Facebook / Lonely Horse
Mural of Nic Long of Lonely Horse off the N. St. Mary's Stip
Long story short, Chung offered Toca a development deal, which got the band into the studio and its music onto the opening page of Myspace. However, Ramos said the manager took the unfinished recordings and began mastering the music for his own licensing use.
“These were tracks that were not ready,” Ramos said. “These were tracks that we never handed them. They took our hard drive hostage.”
Chung didn’t respond to an interview request on his dealings with the band.

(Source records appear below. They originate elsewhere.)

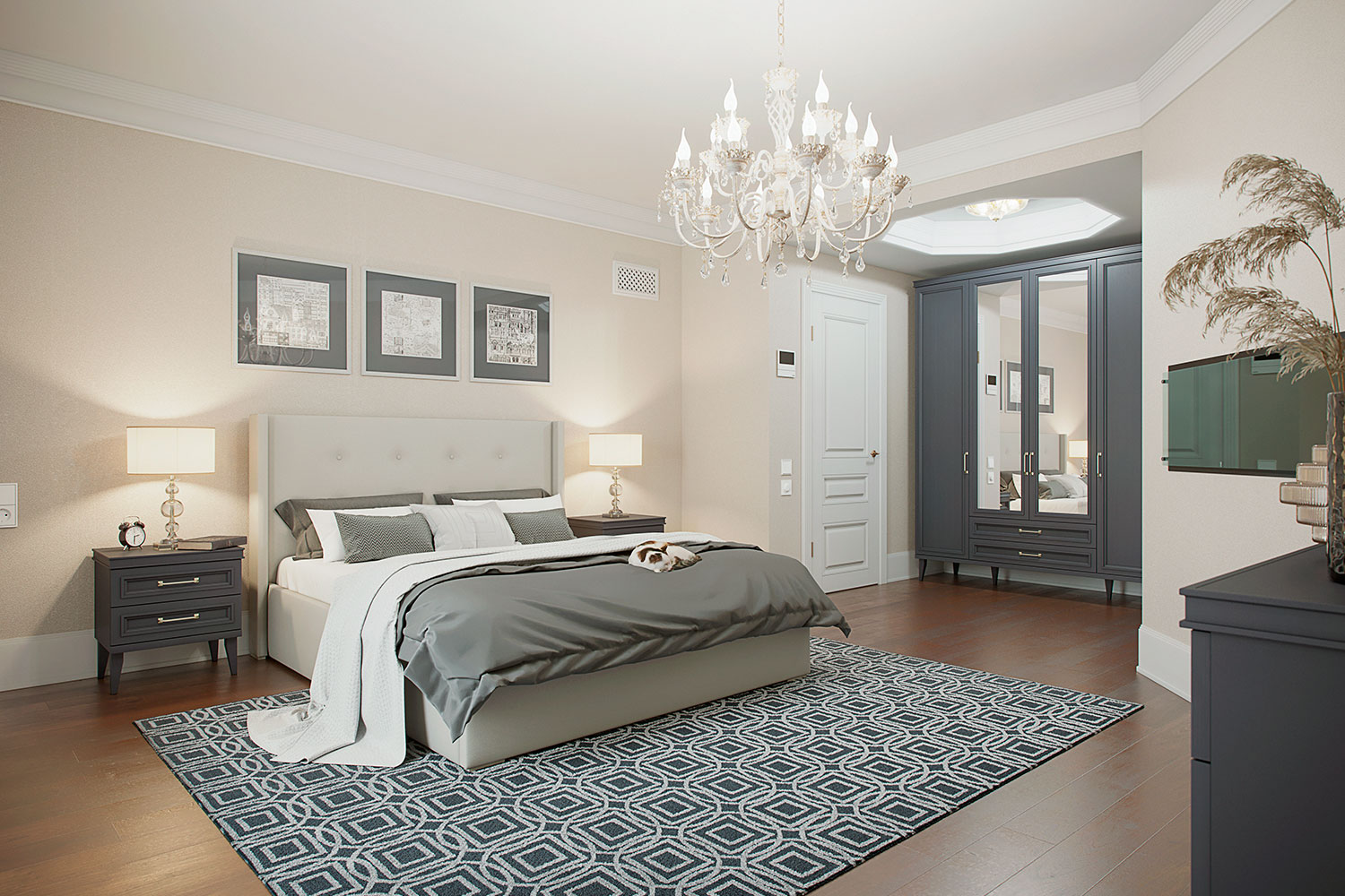 • Шкаф 4-створчатый с центральными зеркальными фасадами, 2 боковыми глухими фасадами и 2 выдвижными ящиками;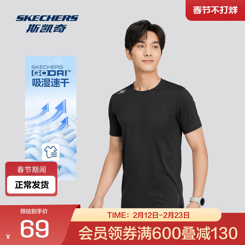 斯凯奇官方outlets男士速干短袖T恤衫日常户外运动圆领纯色简约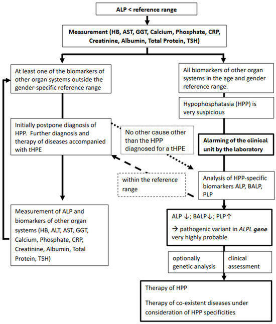 First, in patients where a decreased ALP serum activity level has been identified alongside other general parameters within the reference range, a specific HPP diagnosis can be recommended. Second, in patients with one or more general parameters in the pathological range in addition to decreased ALP serum activity level, further investigation of the treatable differential diagnoses (Table 1) is strongly recommended. Following the targeted treatment of the differential diagnoses, a remeasurement of the biomarkers is recommended. In the event that the general biomarkers normalize concurrently with persistently decreased ALP serum activity levels, a PNV of the ALPL gene remains a probable explanation. In both situations, it is recommended that an extended HPP-specific diagnostic work-up be performed, including BALP and PLP levels [33]. A diagnosis of HPP can be made in the presence of additional clinical symptoms that are characteristic of HPP. In rare cases, a PNV of the ALPL gene can coexist with pathological values of the general biomarkers presented. In such cases, according to the literature, genetic analysis is recommended. However, if the patient presents with clinical and laboratory findings consistent with a diagnosis of HPP, it is not recommended that genetic analysis be conducted as a routine procedure [5,34,35].
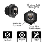 CAT6A RJ45 Shielded Industrial Panel-Mount Bulkhead Coupler - TAA Compliant - Made In Taiwan. Our CAT6A RJ45 Shielded Industrial Panel-Mount Bulkhead Coupler industrial outdoor solution is ideal for harsh industrial...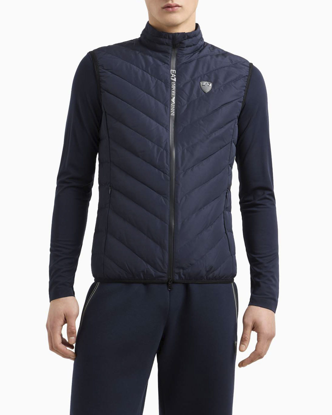 Gilet EA7 blu in piuma con logo stampato sul petto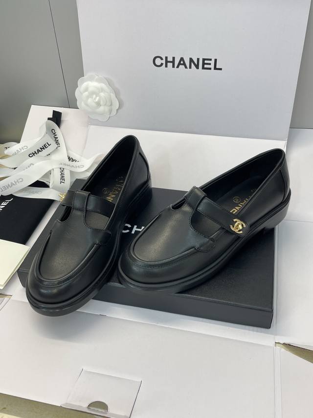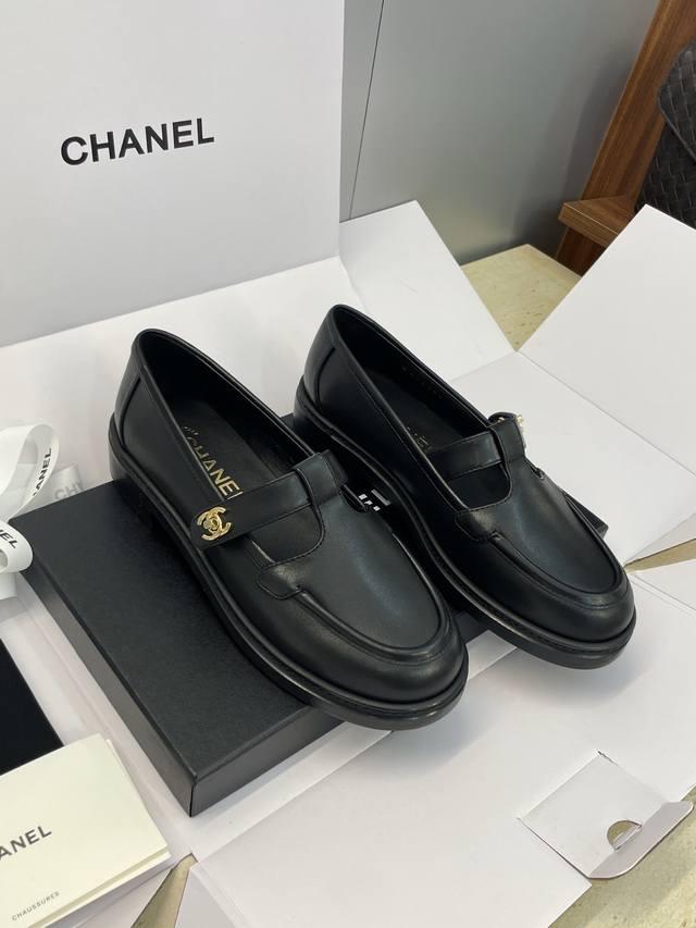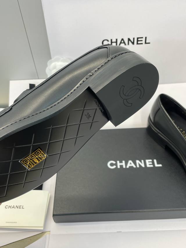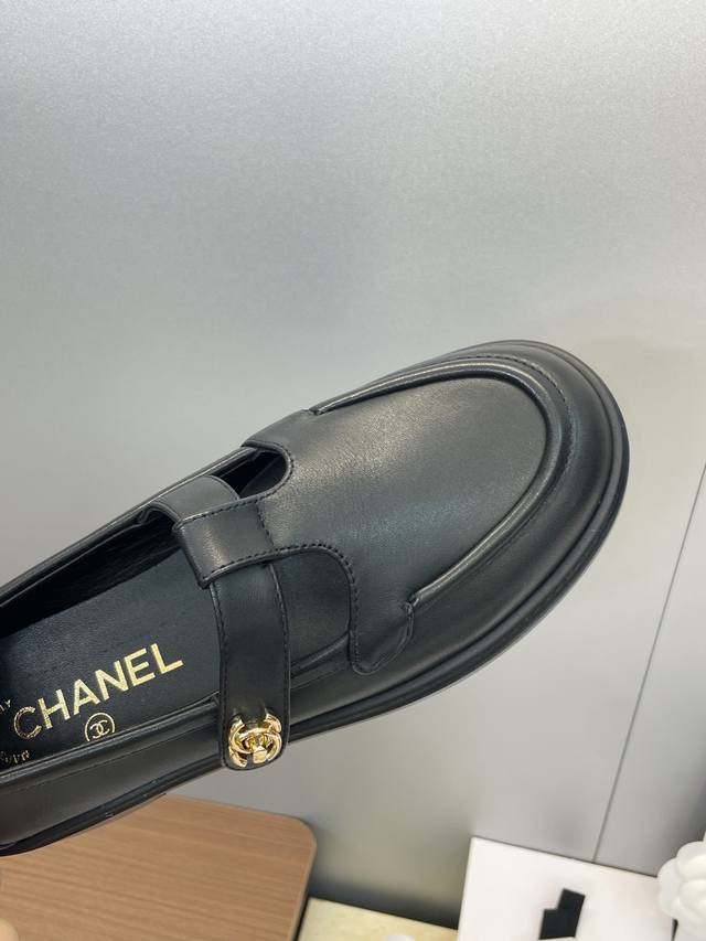 Factory direct price DDD Dongguan-made, high-quality Chanel 2025 Fall/Winter runway new platform loafers with Chanel logo, metal buckle, round toe, low heel. Material: Imported calfskin upper + mixed sheepskin lining + original molded metal buckle + Italian thickened genuine leather outsole. Size: 35-40. Size 40 is custom-made and non-refundable.
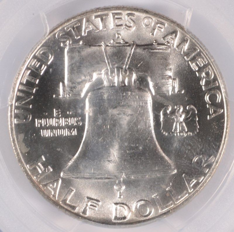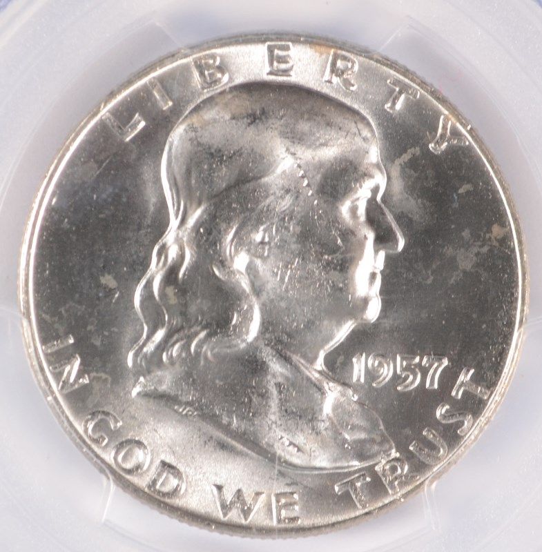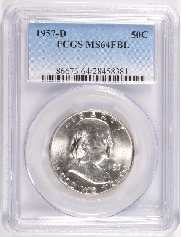 1957-D FRANKLIN HALF DOLLAR, PCGS MS_65 FBL

Toca eventually broke up under the pressure, according to Ramos. And even when he and his band members tried to obtain copies of their own album, Chung’s label pushed back.
“These guys tried to give us one CD each, and I had to beg for one for my mom,” Ramos said, laughing at the absurdity. “Now there’s 10,000 of them in a warehouse somewhere, and they don’t give a fuck. But back then, they tried to act like each CD was made out of gold.”
But for Long of Lonely Horse, the pain from its label fight is too fresh to laugh at.
“[It’s] just this huge battle,” Long said. “I’m dealing with that as well as personal stuff with my son and custody ... Over time, I just got burnt out. I was focusing on the band for so many years, one of the reasons for my divorce was because Lonely Horse ... I’m suffering from Lonely Horse, financially and spiritually. I’m just beat down.”
Although Lonely Horse has ridden into the sunset, neither member is letting the downside of the business kill his creativity. Long’s been self-producing a solo project and Hild plays drums with psych-rock outfit Mockingbird Express.